Work required:
Copy, exactly as written, the lines that begin at the one containing "车集煤矿,产能力280万吨,在皮带机机头" and end at the one containing "Yugoslavian vs Immigrants". Skip any pictures in the data below.

Task material:

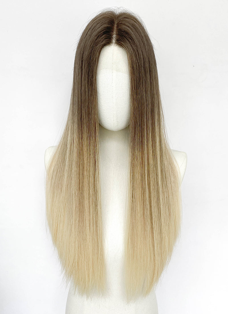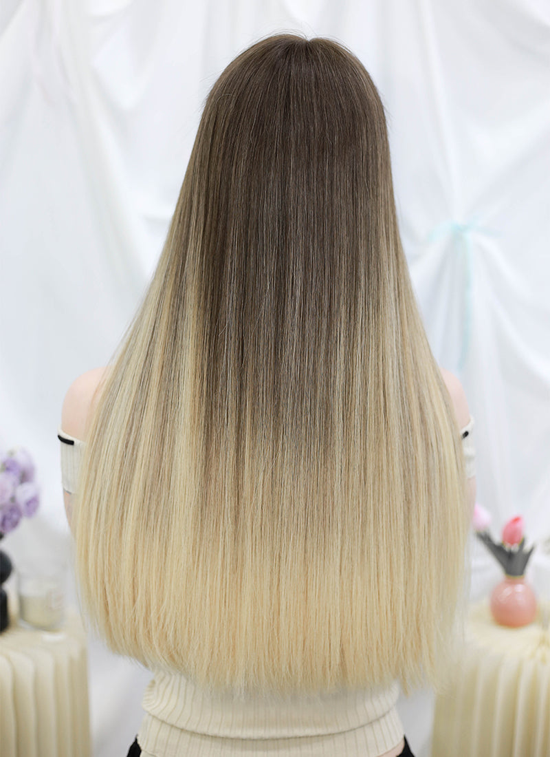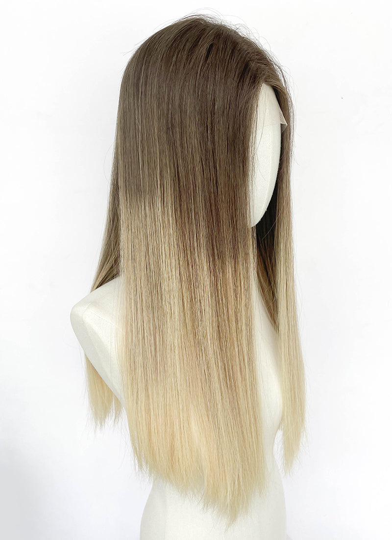 26" Long Straight Brown Blonde Ombre Lace Front With Silk Top Remy Natural Hair Wig HHW013
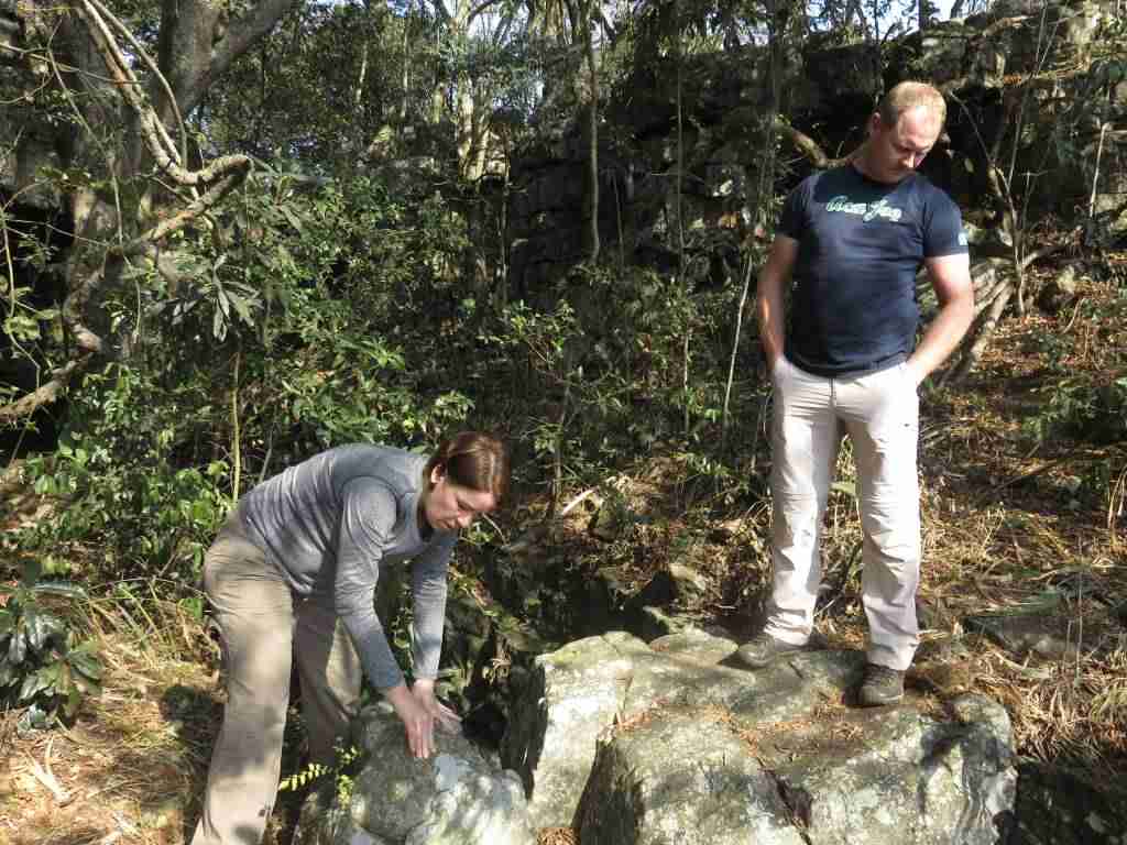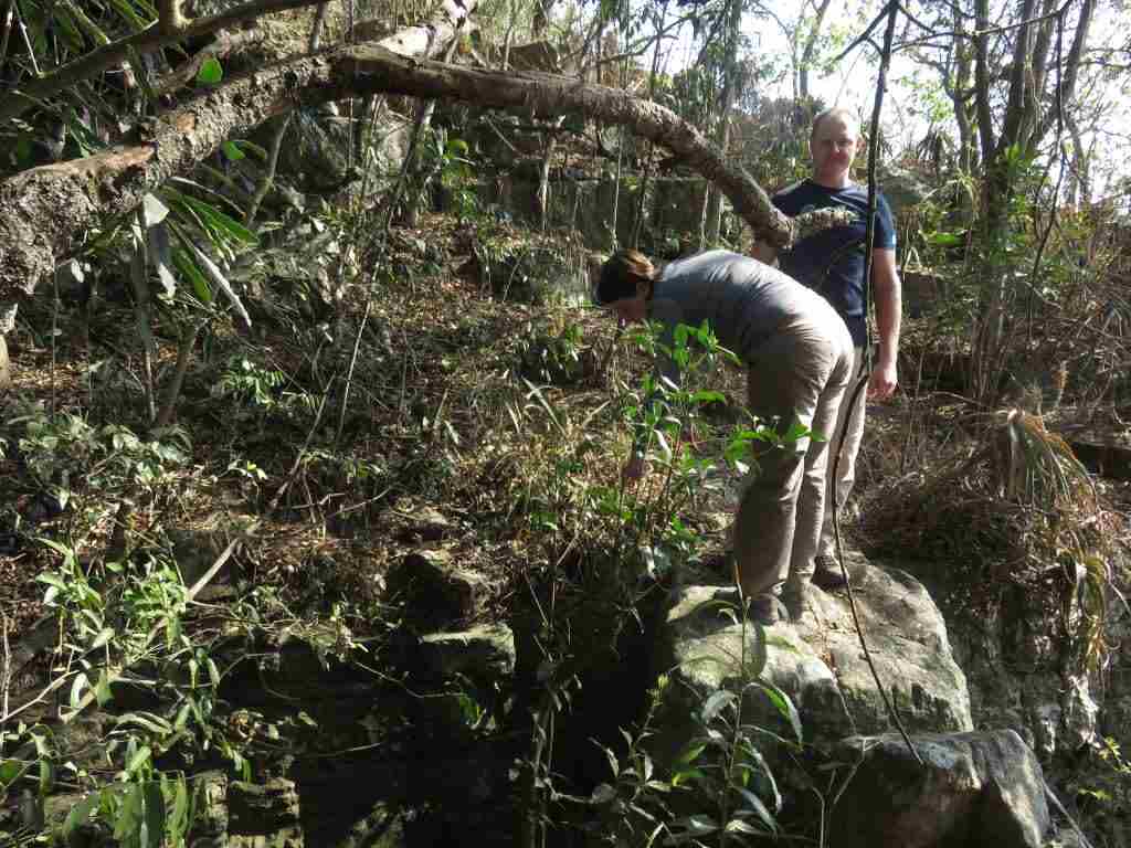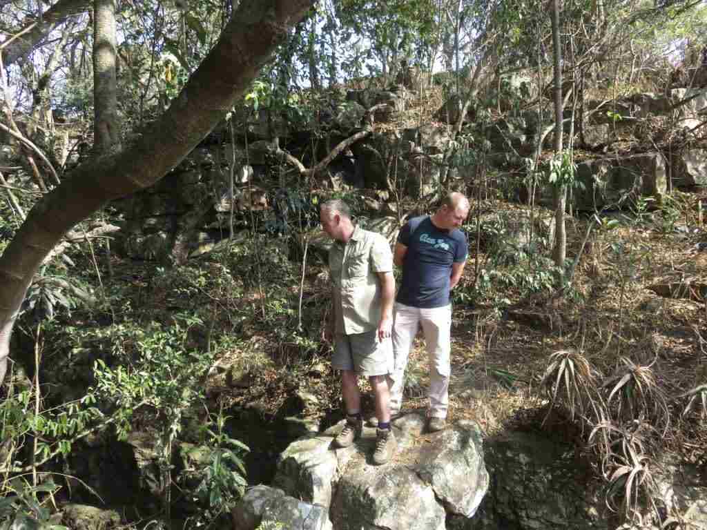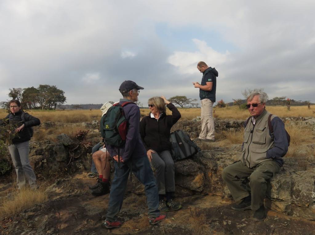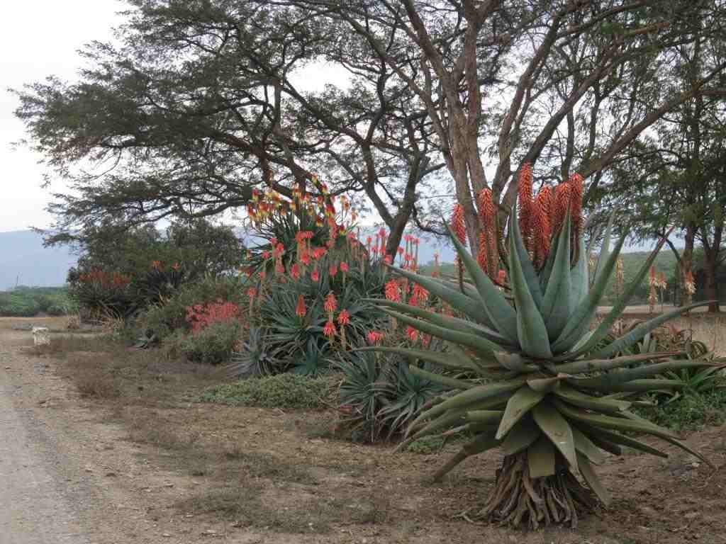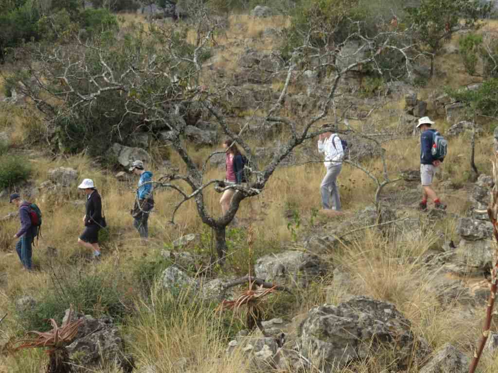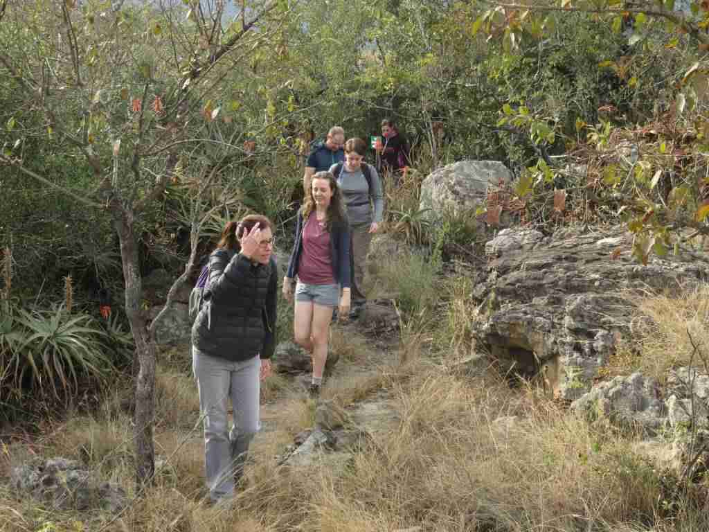 First stop just after the start is to view from the top, the falls (unfortunately without water at this time of year). All along the way there is a colourful assortment of aloes. A short diversion branching off to a ledge for a better vantage point of the falls gives me, the photographer the opportunity to photograph most of the group in turn as they reemerge (photos 11-14). A short rest (photo 15) after the exertion of the climb back up and then we are off again to the next viewpoint.
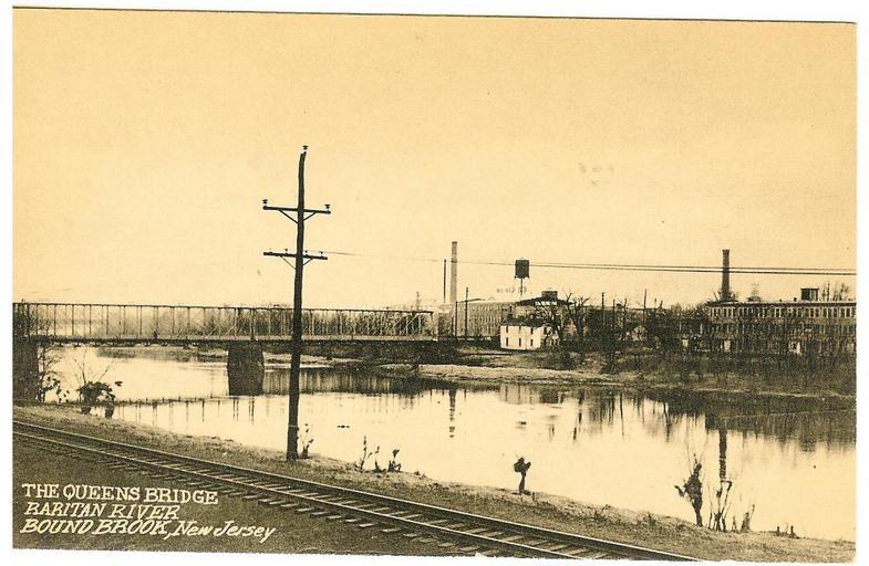Keywords: Queen's Bridge, South Bound Brook.jpg en Photo of Queens Bridge South Bound Brook and Ruberroid complex taken from Bound Brook side of Raritan River Scanned postcard Author PD-Art History of New Jersey South Bound Brook New Jersey Bridges in New Jersey |
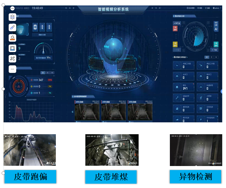车集煤矿,产能力280万吨,在皮带机机头、机尾、主井、副井、井下车场等位置实现人员不带安全帽、离岗、皮带异物、皮带堆煤、皮带跑偏、跨越皮带等15个AI视频智能分析模型场景的实时智能分析。
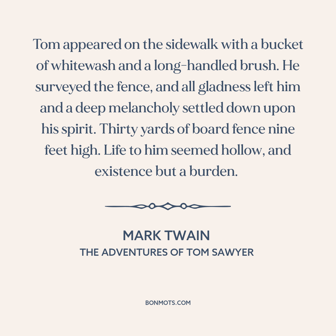 Tom appeared on the sidewalk with a bucket of whitewash and a long-handled brush. He surveyed the fence, and all gladness left him and a deep melancholy settled down upon his spirit. Thirty yards of board fence nine feet high. Life to him seemed hollow, and existence but a burden.
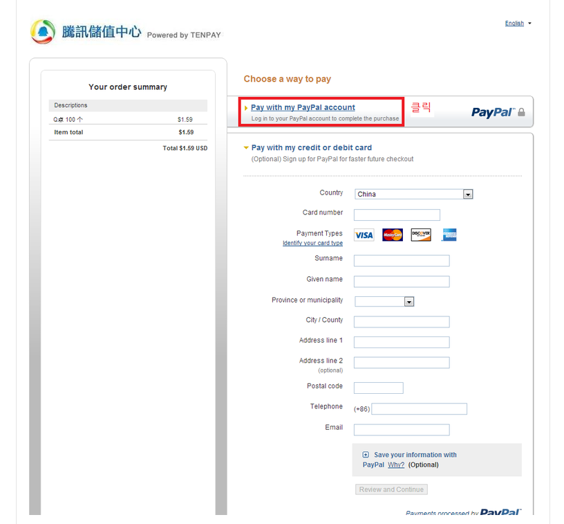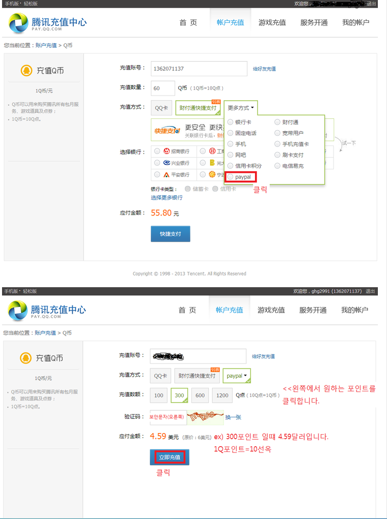 큐큐사이트에 캐쉬를 충전하는 종류에 보면....중국은행 중국핸폰...기타등등 이렇게 있는데요....마지막에 페이팔로도 결재가능합니다.....
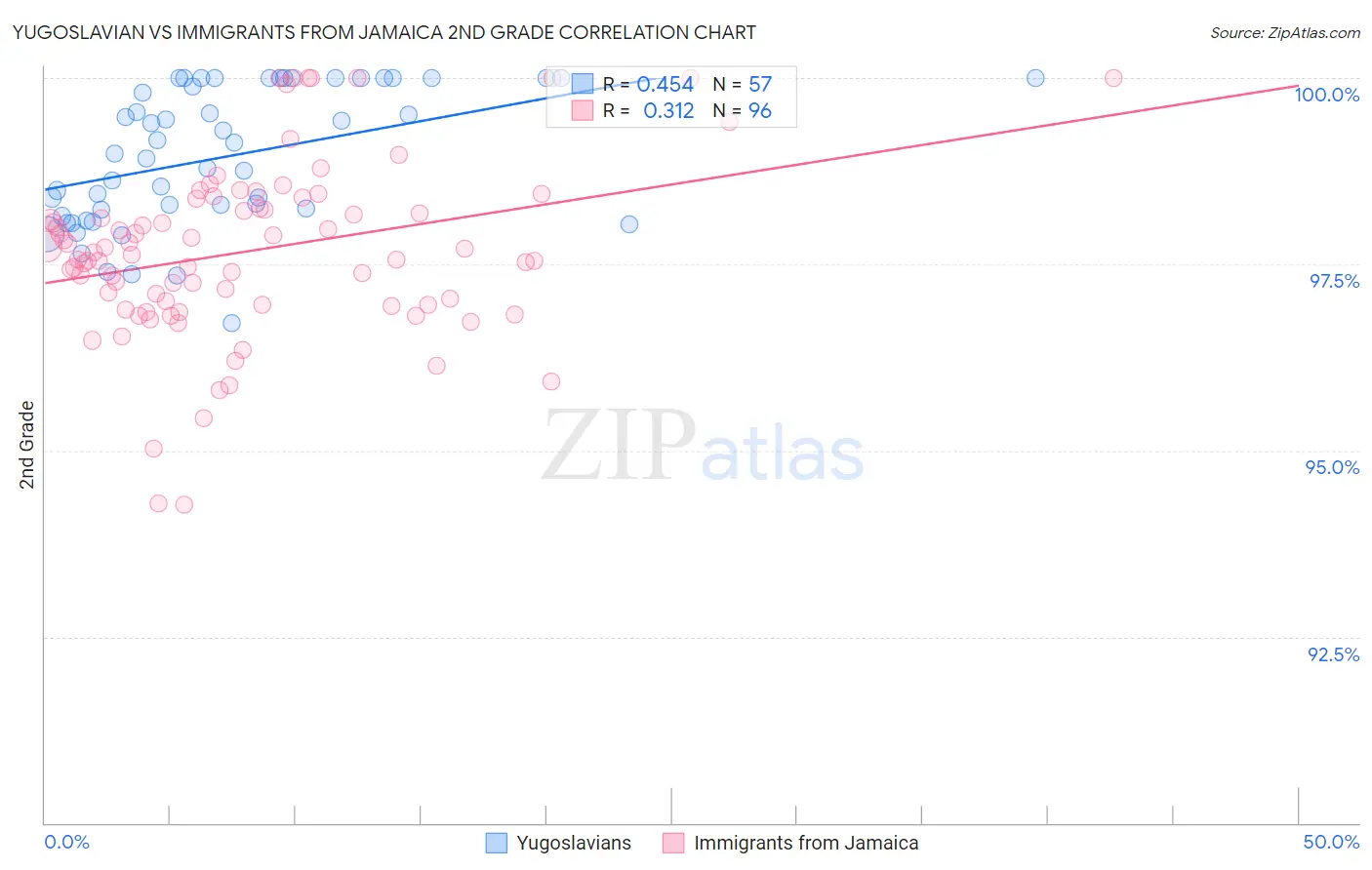 Yugoslavian vs Immigrants from Jamaica 2nd Grade Correlation Chart
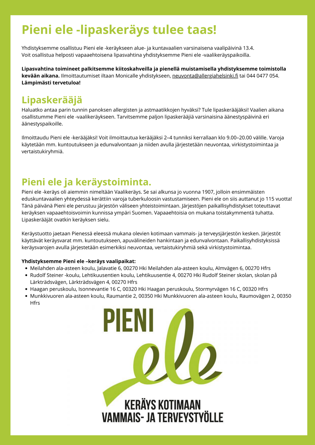 Yhdistyksemme osallistuu Pieni ele -keräykseen alue- ja kuntavaalien varsinaisena vaalipäivinä 13.4.
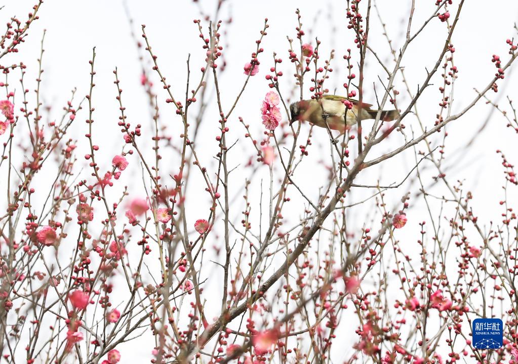 2月8日,在江蘇淮安,白頭鵯在紅梅枝頭棲息。

Response:
车集煤矿,产能力280万吨,在皮带机机头、机尾、主井、副井、井下车场等位置实现人员不带安全帽、离岗、皮带异物、皮带堆煤、皮带跑偏、跨越皮带等15个AI视频智能分析模型场景的实时智能分析。
 Tom appeared on the sidewalk with a bucket of whitewash and a long-handled brush. He surveyed the fence, and all gladness left him and a deep melancholy settled down upon his spirit. Thirty yards of board fence nine feet high. Life to him seemed hollow, and existence but a burden.
 큐큐사이트에 캐쉬를 충전하는 종류에 보면....중국은행 중국핸폰...기타등등 이렇게 있는데요....마지막에 페이팔로도 결재가능합니다.....
 Yugoslavian vs Immigrants from Jamaica 2nd Grade Correlation Chart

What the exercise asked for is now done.